There are hundreds of particles, all hadrons, not listed in Table 33.2, most of which have shorter lifetimes. The systematics of those particle lifetimes, their production probabilities, and decay products are completely consistent with the conservation laws noted for lepton families, baryon number, and strangeness, but they also imply other quantum numbers and conservation laws. There are a finite, and in fact relatively small, number of these conserved quantities, however, implying a finite set of substructures. Additionally, some of these short-lived particles resemble the excited states of other particles, implying an internal structure. All of this jigsaw puzzle can be tied together and explained relatively simply by the existence of fundamental substructures. Leptons seem to be fundamental structures. Hadrons seem to have a substructure called quarks. Quarks: Is That All There Is? explores the basics of the underlying quark building blocks.
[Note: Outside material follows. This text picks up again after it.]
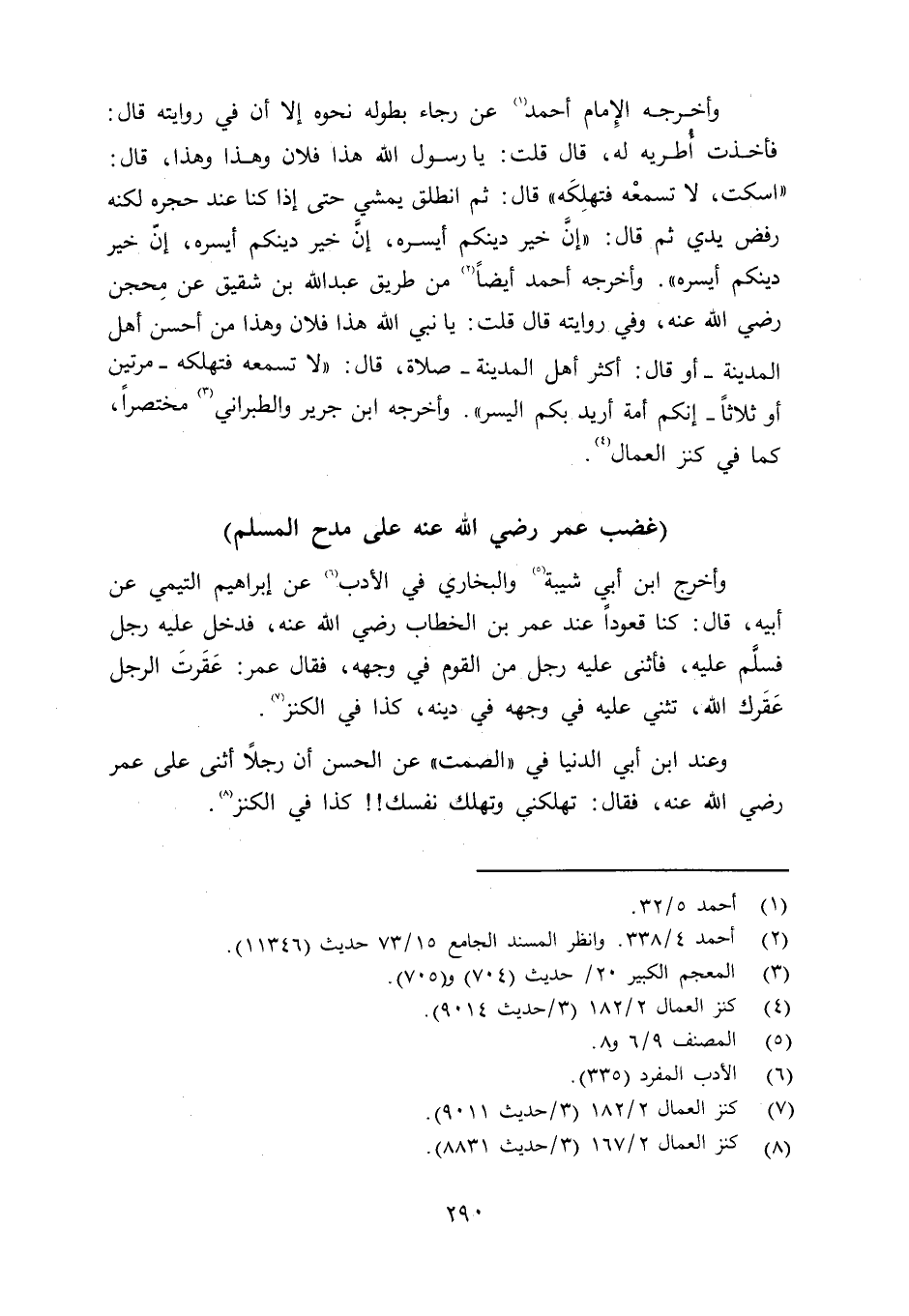 وأخرجه الإمام أحمد عن رجاء بطوله نحوه إلا أن في روايته قال: فأخذت أُطريه له، قال قلت: يا رسول الله هذا فلان وهذا وهذا، قال: اسكت، لا تسمعْه فتهلِكَه» قال: ثم انطلق يمشي حتى إذا كنا عند حجره لكنه رفض يدي ثم قال: «إنَّ خير دينكم أيسره، إنَّ خير دينكم أيسره، إنَّ خير دينكم أيسره» . وأخرجه أحمد أيضاً من طريق عبد الله بن شقيق عن محِجن رضي الله عنه وفي روايته قال قلت: يا نبي الله هذا فلان وهذا من أحسن أهل المدينة - أو قال: أكثر أهل المدينة - صلاة، قال: «لا تسمعه فتهلكه - مرتين أو ثلاثاً - إنكم أمة أريد بكم اليسر» . وأخرجه ابن جرير والطبراني مختصراً، كما في كنزل العمال.

The image shows a picture of physicist Murray Gell Mann, who looks like a pleasant white-haired gentleman.

Figure 33.14 Murray Gell-Mann (b. 1929) proposed quarks as a substructure of hadrons in 1963 and was already known for his work on the concept of strangeness. Although quarks have never been directly observed, several predictions of the quark model were quickly confirmed, and their properties explain all known hadron characteristics. Gell-Mann was awarded the Nobel Prize in 1969. (credit: Luboš Motl)

Footnotes

4Lifetimes are traditionally given as $t_{1 / 2} / 0 . 693$ (which is $1 / λ$ , the inverse of the decay constant).
5Neutrino masses may be zero. Experimental upper limits are given in parentheses.
6Experimental lower limit is $>5 \times 10^{32}$ for proposed mode of decay.
7The lower of the $\mp$ or $\pm$ symbols are the values for antiparticles.